## Task directions
Repeat the data below in full. Pictures must not be part of the copy.

## Data extract
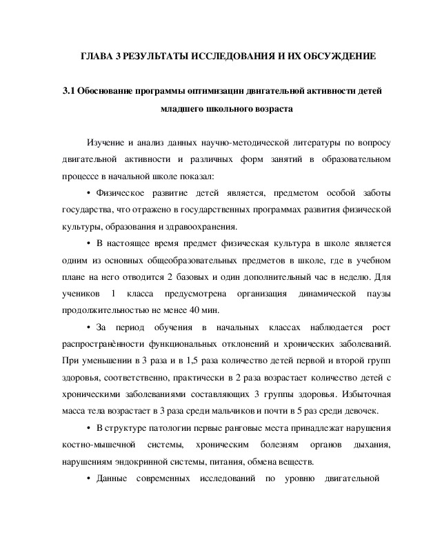 3.1 Обоснование программы оптимизации двигательной активности
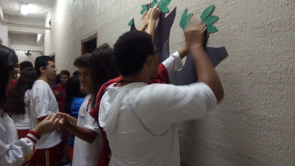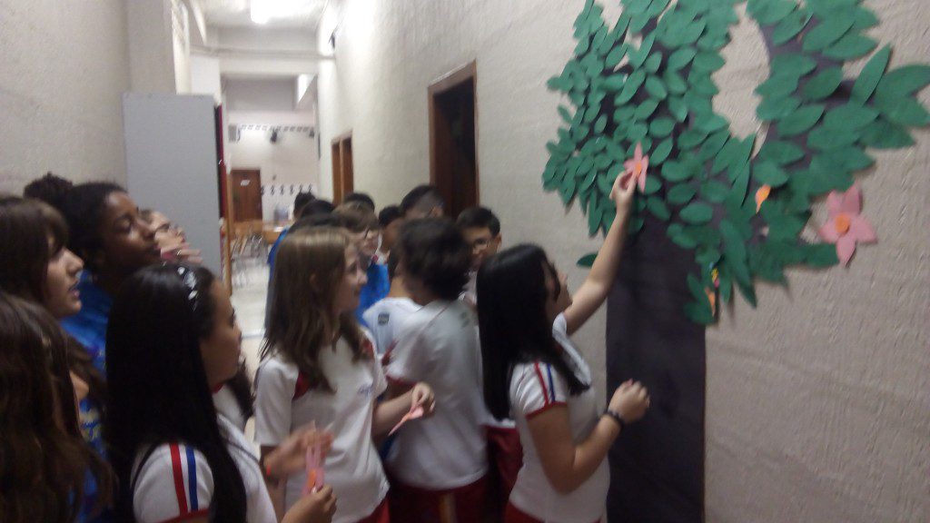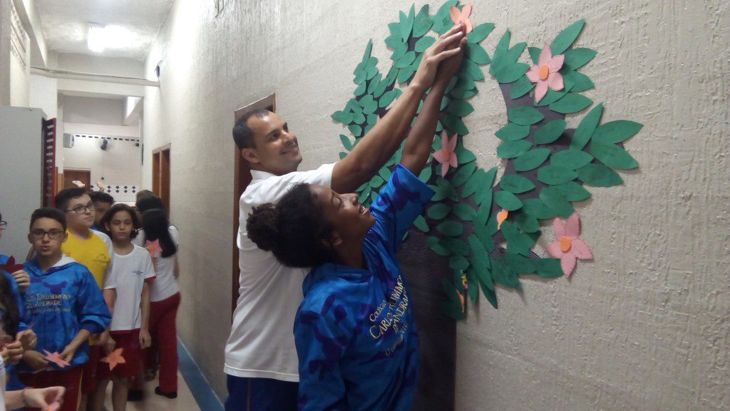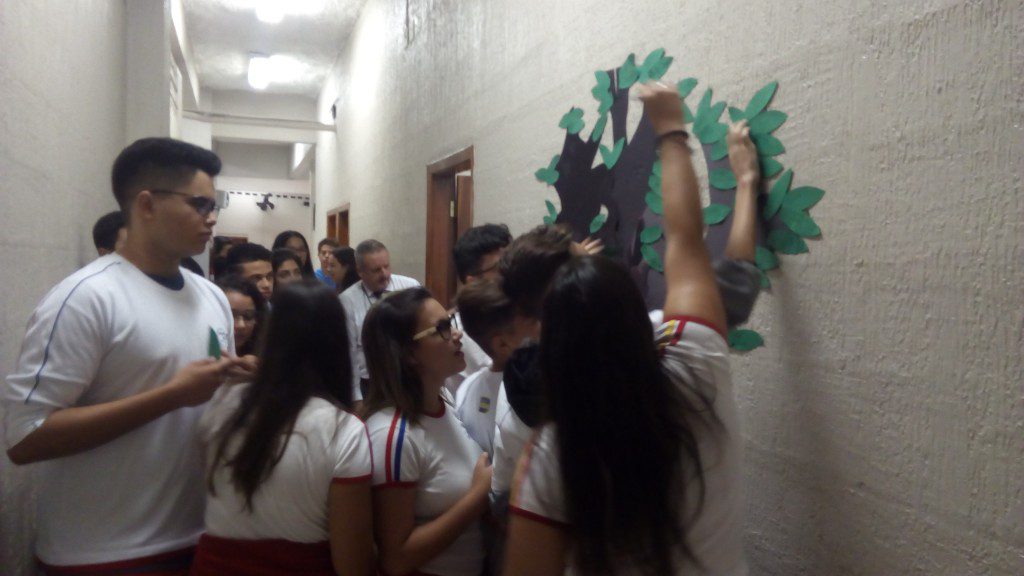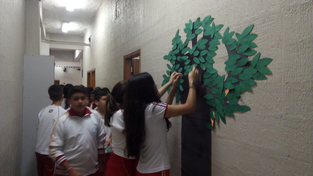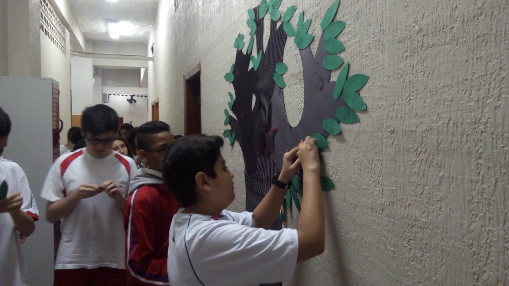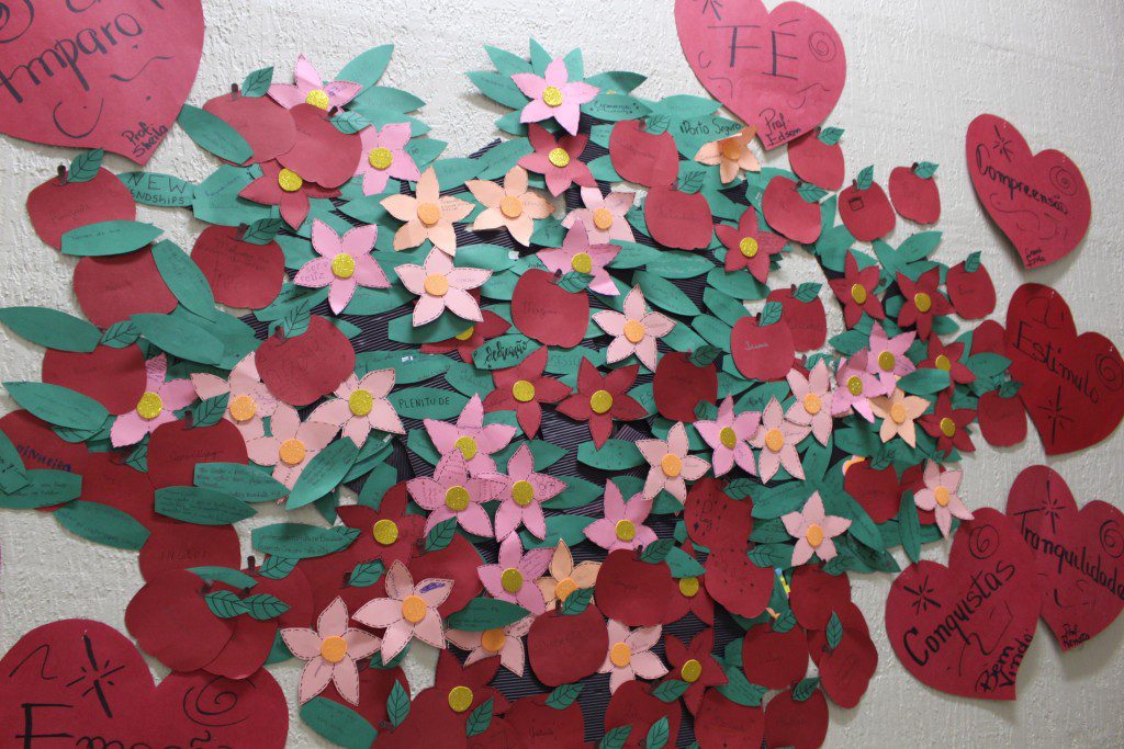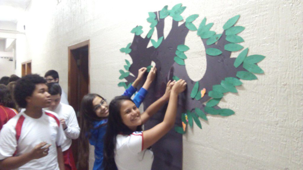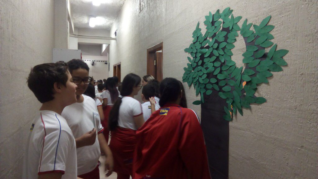 A Coordenação e o corpo docente do CCDA desenvolveram uma atividade de caráter lúdico que envolveu todos os alunos do período matutino: trata-se da “Árvore dos sonhos”. Dividida em caule, folhas e frutos, essa árvore foi montada pelos alunos. Algumas salas receberam as folhas e as demais receberam os frutos e neles os alunos escreveram uma única palavra que representaria o seu sonho para 2018. De folha em folha, a árvore foi ganhando forma, simbolizando com o seu contorno a imagem de uma deusa protetora. Em seguida, dezenas de frutos com o formato de maçã foram sendo colados um a um; e, quando ela já estava repleta, a sensação que transmitia, era a de que guardaria cada pedido e devolveria, ao final do ano, como sonho realizado.
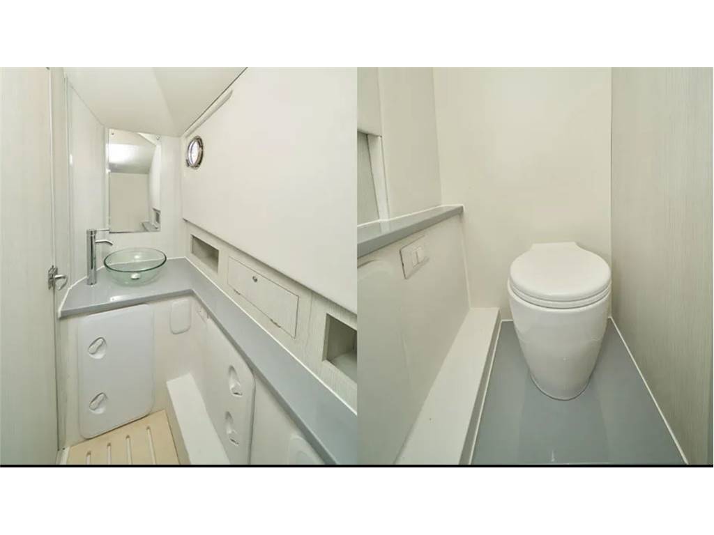 Cabina a prua con grande letto matrimoniale, bagno separato con wc elettrico, lavello e doccia

## Output of the exercise
 3.1 Обоснование программы оптимизации двигательной активности
 A Coordenação e o corpo docente do CCDA desenvolveram uma atividade de caráter lúdico que envolveu todos os alunos do período matutino: trata-se da “Árvore dos sonhos”. Dividida em caule, folhas e frutos, essa árvore foi montada pelos alunos. Algumas salas receberam as folhas e as demais receberam os frutos e neles os alunos escreveram uma única palavra que representaria o seu sonho para 2018. De folha em folha, a árvore foi ganhando forma, simbolizando com o seu contorno a imagem de uma deusa protetora. Em seguida, dezenas de frutos com o formato de maçã foram sendo colados um a um; e, quando ela já estava repleta, a sensação que transmitia, era a de que guardaria cada pedido e devolveria, ao final do ano, como sonho realizado.
 Cabina a prua con grande letto matrimoniale, bagno separato con wc elettrico, lavello e doccia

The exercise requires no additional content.